Until the new law was enacted this summer, Rhode Island had relied on common law, rooted in a 1980s court case, to determine the boundary between a public beach and private property. That boundary was the mean high-water line, an admittedly imperfect definition because the mean high-water line could be underwater at times, such as when high tides coincided with a full moon. The new law says the public has beach access “up to 10 feet inland from the seaweed line.”

“Suddenly and Dramatically Alters Rhode Island’s Common Law”

Spearheading the lawsuit against the state is the newly formed Rhode Island Association of Coastal Taxpayers (RIACT), some of whose members own beachfront homes. By establishing a different boundary, the new law “suddenly and dramatically alters Rhode Island’s common law related to beach property boundaries, with the effect of extending the public beach into traditionally private areas,” the RIACT lawsuit alleges, the Providence Journal (July 7) reported.

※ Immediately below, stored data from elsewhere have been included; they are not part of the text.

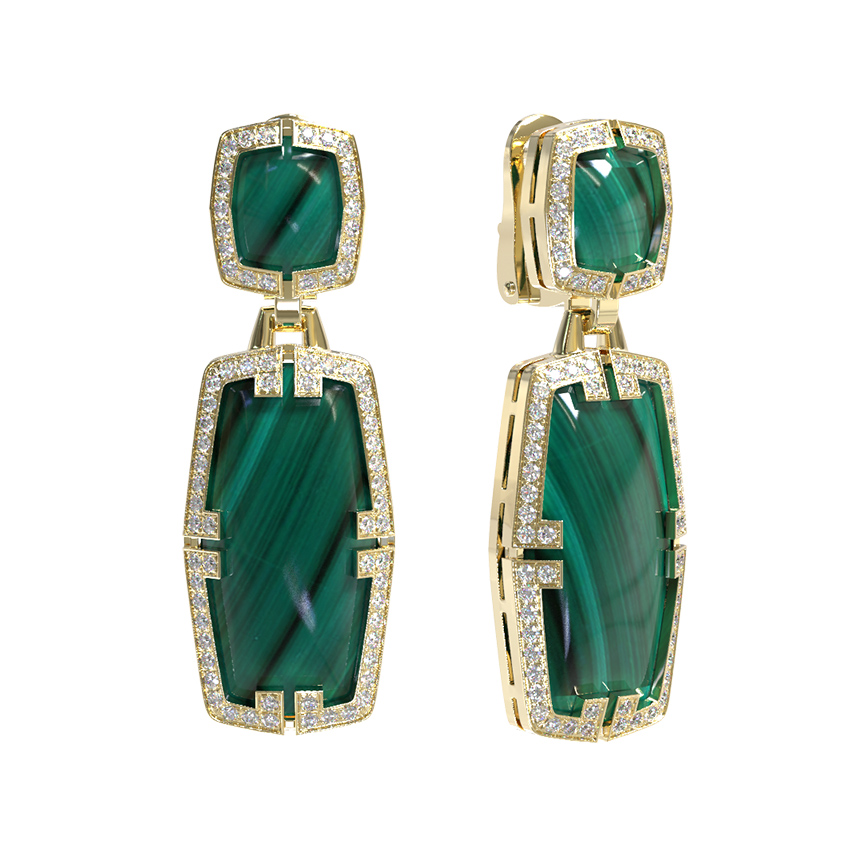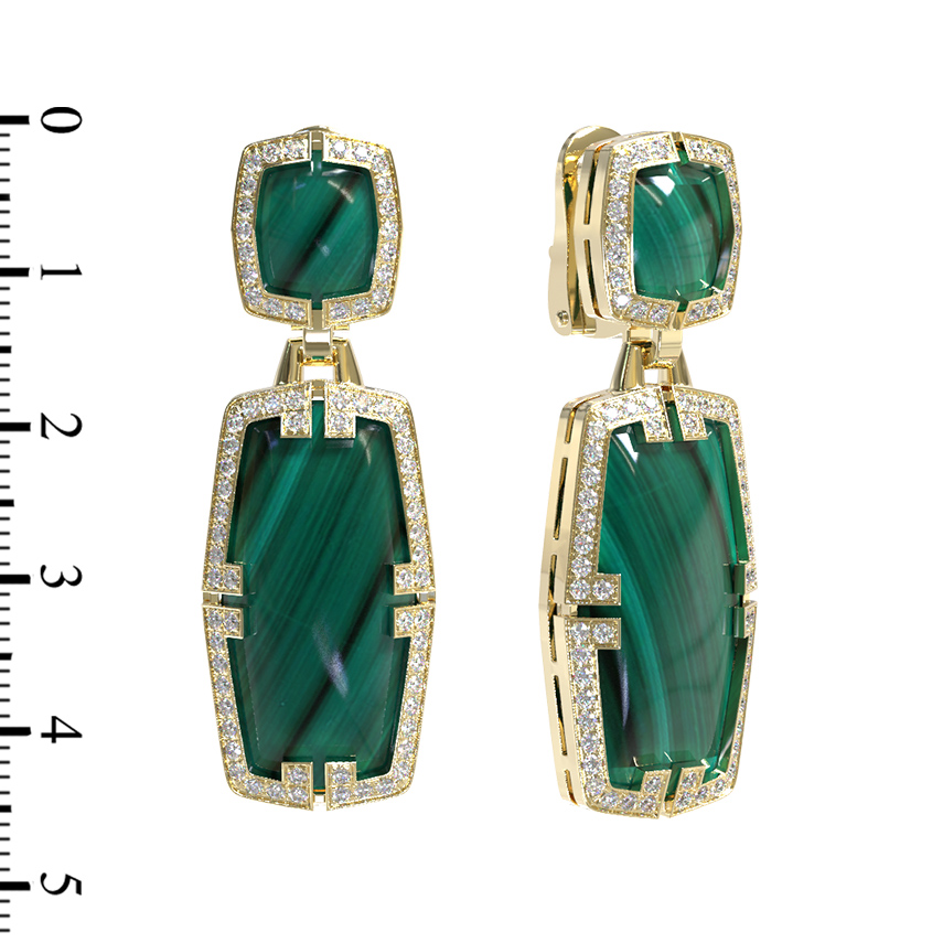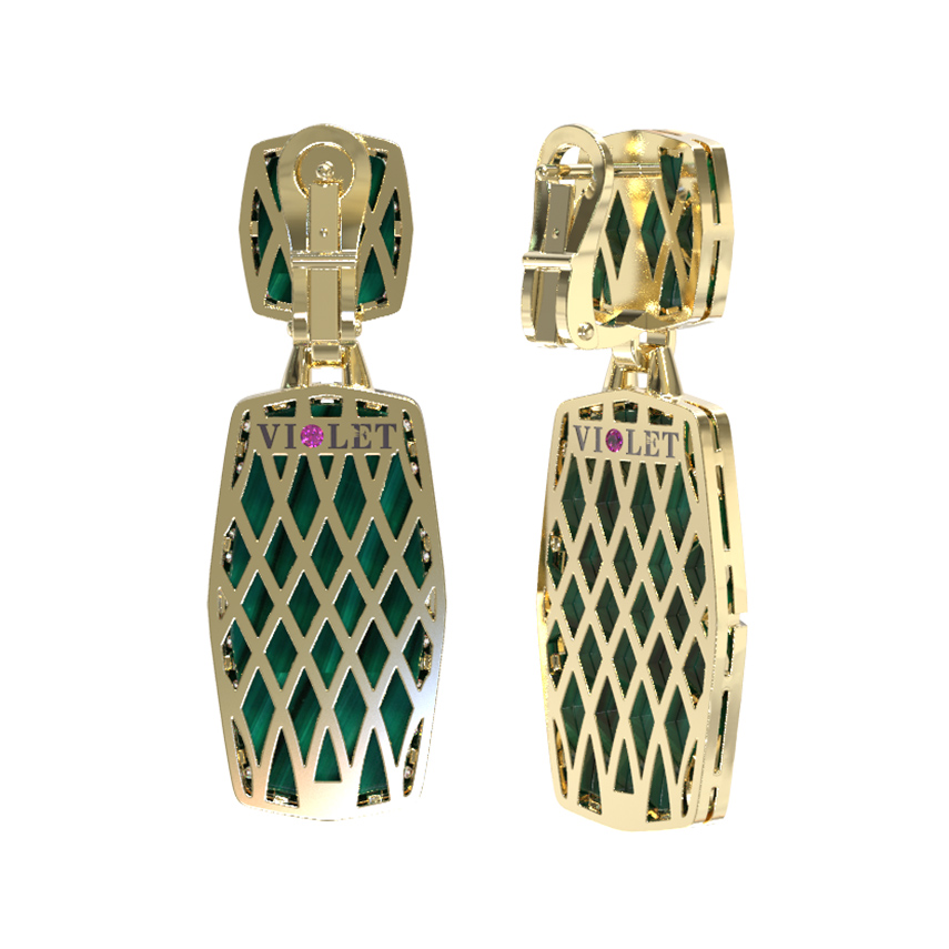 Серьги из лимонного золота c бриллиантами, рубином и малахитом
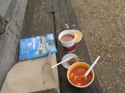 So down to Ham House where I arrived a few minutes before my booked 11.30am slot. With the house still closed it was relatively quiet and the sign outside said that they were taking walk in visitors. I had seen Ham many times now so I just had a quick walk around the grounds. The kitchen garden had been well worked on and new crops planted. Some of the grounds were still a little unkempt but by and large it looked a lot better than last summer. Lunch from the cafe is take away only and with the outside eating area removed I had to find a spare bench some distance away. The makeshift dinner table did the job and the Italian sausage casserole tasted good. I didn't find the roll and butter in the bag till later, trying to butter it outside in the stiff wind was not the easiest of things to do...
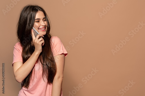 © Viktoriia, Fototapeta premium Freestyle. Young girl in t-shirt standing studio isolated on brown talking on smartphone laughing joyful copy space
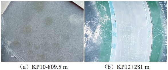 兩處聚氨酯防腐補口均存在黏結力降低問(wèn)題,其中,KP10-809.5 m存在鼓泡、流掛和積液現象,已基本喪失對管道本體的保護作用。由于液體聚氨酯補口施工對管道表面狀態(tài)、施工環(huán)境及操作均有較高要求[1],且聚氨酯涂層對陰極剝離較弱的抵抗能力[2],防腐層施工前對管體表面處理不達標、防腐層內部微觀(guān)缺陷的存在及過(guò)負的陰極保護電位引發(fā)的陰極剝離都可能導致鼓泡失效,因此需進(jìn)一步分析確定。

“For many RIACT members, the act’s creation of a public beach 10 feet inland from the seaweed line allows the public to access and occupy their private, residential ‘backyard’ areas and opens their residential life to the constant presence of strangers, destroying privacy and raising safety concerns,” the lawsuit says.

The lawsuit adds: “RIACT beachfront property owners purchased their residentially developed coastal property with the understanding, right, and expectation of using their property for private, exclusive use, including for private family beach gatherings.”

For its part, the state plans to fight the lawsuit. Attorney General Peter Neronha (D), who is named as a defendant in the lawsuit, along with the Department of Environmental Management and the Coastal Resources Management Council, signaled on Twitter that he was prepared the fight the lawsuit, the Providence Journal reported.

“The attorney general is grateful that the General Assembly recognized Rhode Islanders’ constitutional rights to shoreline access and further codified that right into state law,” spokesman Brian Hodge said. “We are still reviewing today’s filed lawsuit, but the office stands ready to defend the law.”

PLF Enters the Fray

The state will have its hands full. In addition to local attorney Daniel J. Pocaccint of Adler Pollock & Sheehan P.C., RIACT will be represented by the California-based Pacific Legal Foundation (PLF). PLF is fresh from a high-profile victory before the U.S. Supreme Court in Sackett v. EPA, in which an Idaho couple – after 16 years of court battles – thwarted EPA’s efforts to keep them from building their dream house near Priest Lake in northern Idaho.

EPA had claimed that the couple’s bone-dry property was a wetland and subject to federal regulation. Not only did the Supreme Court slap down EPA’s overreach. It limited EPA’s regulatory authority to wetlands with a “continuous surface connection” to a navigable water of the United States. In the world of takings cases, PLF is a force to be reckoned with.